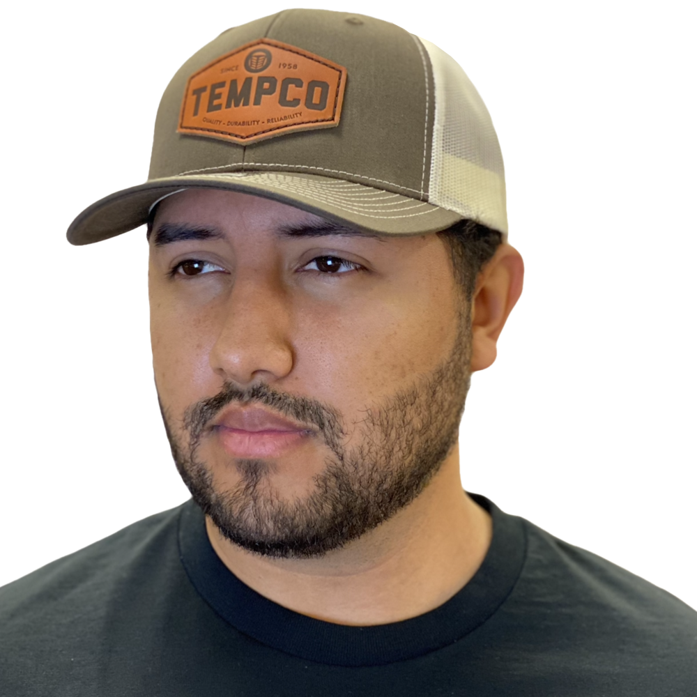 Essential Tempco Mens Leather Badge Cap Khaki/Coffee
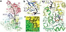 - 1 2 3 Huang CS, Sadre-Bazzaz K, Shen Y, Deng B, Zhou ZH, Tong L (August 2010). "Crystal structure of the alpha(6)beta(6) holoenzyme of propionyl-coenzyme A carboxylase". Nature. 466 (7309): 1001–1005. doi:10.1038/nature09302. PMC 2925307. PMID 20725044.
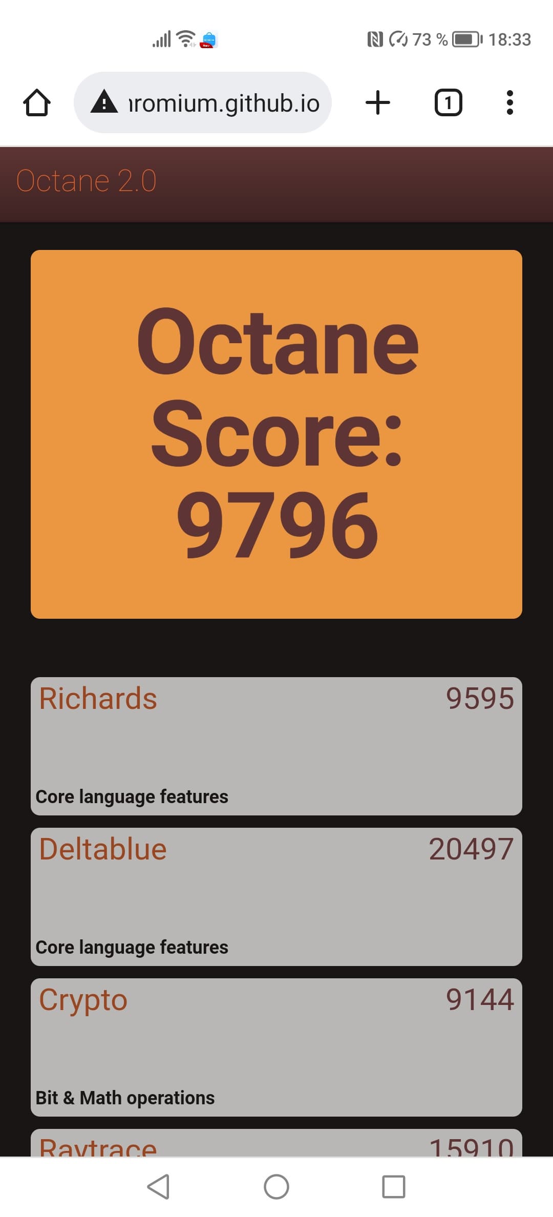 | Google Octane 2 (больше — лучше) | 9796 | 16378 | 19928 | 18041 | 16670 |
...
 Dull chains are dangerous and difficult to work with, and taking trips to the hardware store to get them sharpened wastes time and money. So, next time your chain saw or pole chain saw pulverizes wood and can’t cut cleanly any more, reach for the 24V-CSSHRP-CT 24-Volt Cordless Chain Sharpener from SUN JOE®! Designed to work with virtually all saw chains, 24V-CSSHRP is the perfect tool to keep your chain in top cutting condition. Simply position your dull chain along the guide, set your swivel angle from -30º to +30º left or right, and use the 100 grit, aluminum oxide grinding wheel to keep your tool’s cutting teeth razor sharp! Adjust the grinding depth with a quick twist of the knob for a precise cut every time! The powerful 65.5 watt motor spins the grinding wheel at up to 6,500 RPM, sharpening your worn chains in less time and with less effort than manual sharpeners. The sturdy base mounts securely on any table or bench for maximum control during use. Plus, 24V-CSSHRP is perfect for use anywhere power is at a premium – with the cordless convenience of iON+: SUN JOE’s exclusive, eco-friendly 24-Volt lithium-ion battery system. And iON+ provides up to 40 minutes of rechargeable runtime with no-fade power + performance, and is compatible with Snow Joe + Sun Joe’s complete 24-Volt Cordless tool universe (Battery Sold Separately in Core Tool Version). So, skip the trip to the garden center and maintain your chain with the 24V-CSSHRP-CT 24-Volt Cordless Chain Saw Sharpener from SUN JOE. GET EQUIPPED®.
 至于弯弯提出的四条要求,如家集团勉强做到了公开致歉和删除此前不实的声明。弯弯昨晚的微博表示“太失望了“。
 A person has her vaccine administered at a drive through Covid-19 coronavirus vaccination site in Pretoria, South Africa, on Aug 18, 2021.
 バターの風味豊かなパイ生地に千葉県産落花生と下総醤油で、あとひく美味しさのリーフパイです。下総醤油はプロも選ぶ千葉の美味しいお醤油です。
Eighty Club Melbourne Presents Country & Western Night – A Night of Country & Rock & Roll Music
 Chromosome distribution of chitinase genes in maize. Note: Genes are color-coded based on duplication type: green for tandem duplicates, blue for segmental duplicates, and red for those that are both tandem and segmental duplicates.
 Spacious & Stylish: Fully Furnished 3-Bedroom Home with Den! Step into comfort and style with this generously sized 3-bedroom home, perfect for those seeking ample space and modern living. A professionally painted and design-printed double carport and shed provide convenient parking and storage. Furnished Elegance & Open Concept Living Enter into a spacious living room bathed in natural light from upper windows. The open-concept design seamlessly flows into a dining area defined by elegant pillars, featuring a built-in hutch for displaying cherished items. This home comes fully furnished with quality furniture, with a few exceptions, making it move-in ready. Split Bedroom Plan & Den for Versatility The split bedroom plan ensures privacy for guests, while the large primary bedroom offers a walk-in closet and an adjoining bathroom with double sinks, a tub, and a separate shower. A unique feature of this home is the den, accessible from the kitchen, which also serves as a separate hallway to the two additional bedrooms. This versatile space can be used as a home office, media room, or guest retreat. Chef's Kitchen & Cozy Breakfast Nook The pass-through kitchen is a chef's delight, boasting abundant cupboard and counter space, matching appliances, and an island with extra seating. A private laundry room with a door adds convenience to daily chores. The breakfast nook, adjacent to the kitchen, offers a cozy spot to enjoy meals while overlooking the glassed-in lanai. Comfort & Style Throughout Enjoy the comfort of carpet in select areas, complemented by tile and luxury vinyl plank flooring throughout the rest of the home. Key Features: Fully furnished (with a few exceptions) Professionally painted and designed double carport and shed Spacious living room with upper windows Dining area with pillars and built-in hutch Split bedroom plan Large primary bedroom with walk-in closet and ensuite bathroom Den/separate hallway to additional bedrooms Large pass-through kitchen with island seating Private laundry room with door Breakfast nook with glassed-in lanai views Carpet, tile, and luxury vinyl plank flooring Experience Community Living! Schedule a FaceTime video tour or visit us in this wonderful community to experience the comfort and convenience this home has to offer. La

- **About this task**
Within the data above, repeat exactly the lines from the one bearing "Essential Tempco Mens" through the one bearing "- 1 2 3 Huang". Include no pictures and nothing else.

- **Answer box**
 Essential Tempco Mens Leather Badge Cap Khaki/Coffee
 - 1 2 3 Huang CS, Sadre-Bazzaz K, Shen Y, Deng B, Zhou ZH, Tong L (August 2010). "Crystal structure of the alpha(6)beta(6) holoenzyme of propionyl-coenzyme A carboxylase". Nature. 466 (7309): 1001–1005. doi:10.1038/nature09302. PMC 2925307. PMID 20725044.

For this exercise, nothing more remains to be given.